# Moving back to South Wales soon



## Squadrone Rosso

After 14 years in Warwickshire. Bought a new place in Jersey Marine. Move in 20th September. 

I'll be looking for a good dent man in the Swansea / Neath & Port Talbot area as our 500 has been door dinged this week

Any suggestions please?

Cheers,

Simon


----------



## suspal

ryton's going to miss you then


----------



## Squadrone Rosso

suspal said:


> ryton's going to miss you then


We'll miss it mate. 14 good years but aged family needs to come first


----------



## warren

welcome back dude.


----------



## warren

paint places, can tell you where not to go. good place in pontadawe mate just had his splittys vw done there.


----------



## gar1380

www.liquidpaintwork.co.uk


----------



## Squadrone Rosso

Can't get that site to open. Ideally looking for a good PDR man.

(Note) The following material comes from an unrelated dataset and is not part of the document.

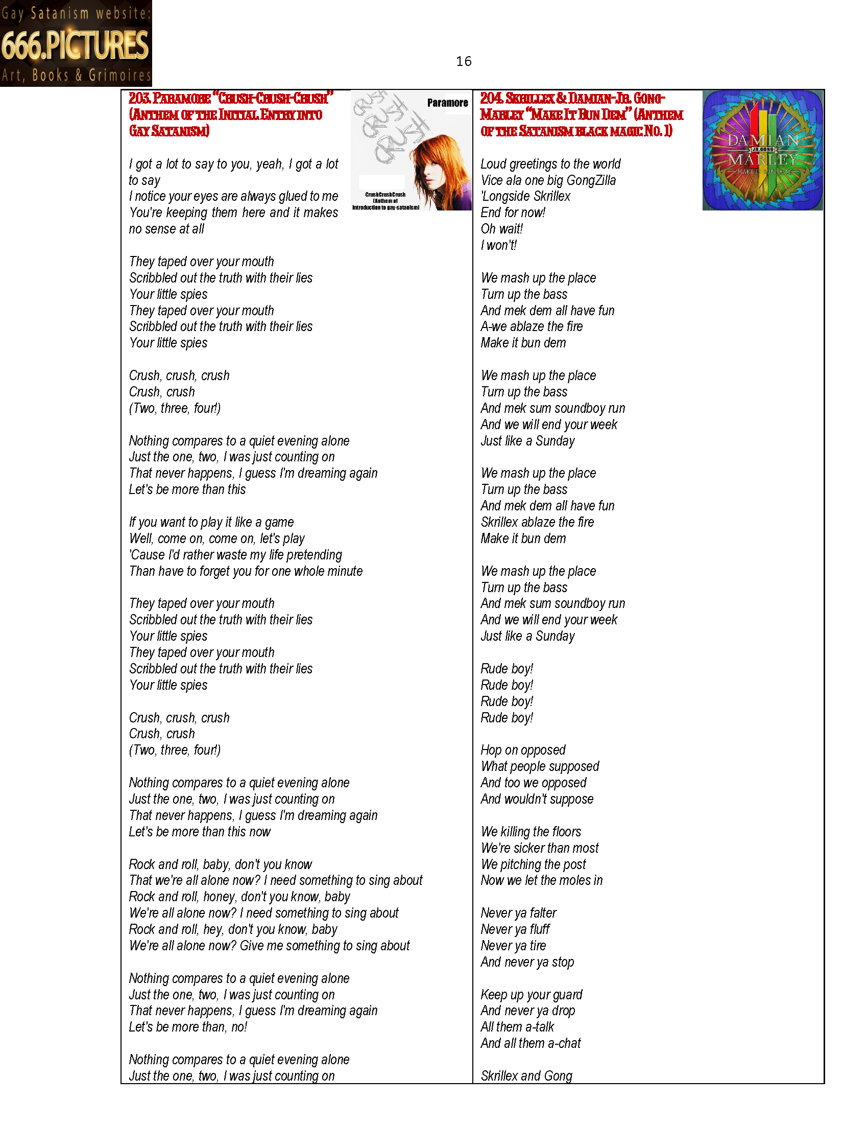 203. Paramore “Crush-Crush-Crush” (Anthem of the initial entry into gay Satanism).

I normally use Dentcraft in Sheldon. Might try to pop there before we head back...


----------



## littlejack

Welcome back mate....


----------



## warren

that's the one:thumb:


----------



## BM-Addict

I have used Craig Excelldent many times. He is very good.
He is mobile, based in Haverfordwest, and works across to Cardiff and maybe Newport.


----------



## BM-Addict

I have used Craig Excelldent many times. He is very good.
He is mobile, based in Haverfordwest, and works across to Cardiff and maybe Newport.
His number is 07968 542862.
Cheers

Roland


----------



## bazz

welcome back to south wales dude


----------



## Pugland53

Welcome back! I'm from Skewen so not far from you.


----------



## Squadrone Rosso

Thanks. T minus 19 days.....


----------



## Dan UAS

Great info on exceldent. I have been looking for a while for my black megane, especially since I machine polished, sealed and waxed it and can see every mark from space! I did use a guy in swansea who also does tinting and although it was a massive dent to start I think he could have done more with it. Will give these guys a ring this week


----------



## Squadrone Rosso

Good news, thanks.

Less than two weeks now. In laws called in today & it's very nearly complete


----------